Abordarem justamente o ponto de vista dessa criança é a minha coisa favorita. Imaginem só. Não é fácil falar numa visão de alguém que viveu sempre em um cativeiro e que tem um conhecimento de mundo tão limitado. É algo muito arriscado e que corre um super risco de soar forçado, mas eles conseguiram fazer com que soasse maravilhosamente natural.
Quem fez a adaptação do livro para o roteiro foi justamente a escritora Emma Donoghue e essa informação me surpreendeu muito.
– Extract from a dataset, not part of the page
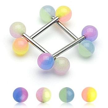 Dvojfarebný piercing do jazyka v tvare guličky vo viacerých kombináciách.

Por mais que eu ache essencial que tenhamos a consciência de que livros e filmes são plataformas diferentes e, portanto, precisam ser avaliados como elementos individuais (ou seja: não faz sentido comparar a ~fidelidade~ do filme em relação ao livro), as falhas do roteiro não estão no livro.
Depois do plot twist tudo fica muito lento e arrastado, passando um monte de informações que são desnecessárias e que só nos fazem desejar que a primeira parte tivesse sido trabalhada com mais calma para, pelo menos, equilibrar a coisa toda.
O livro é dividido em três partes, enquanto o filme é dividido em apenas duas e isso é muito significativo para o modo com o qual a história é contada. A segunda parte da obra literária é essencial e tem uma carga emocional fortíssima, mas foi simplesmente ignorada ao passar para o cinema.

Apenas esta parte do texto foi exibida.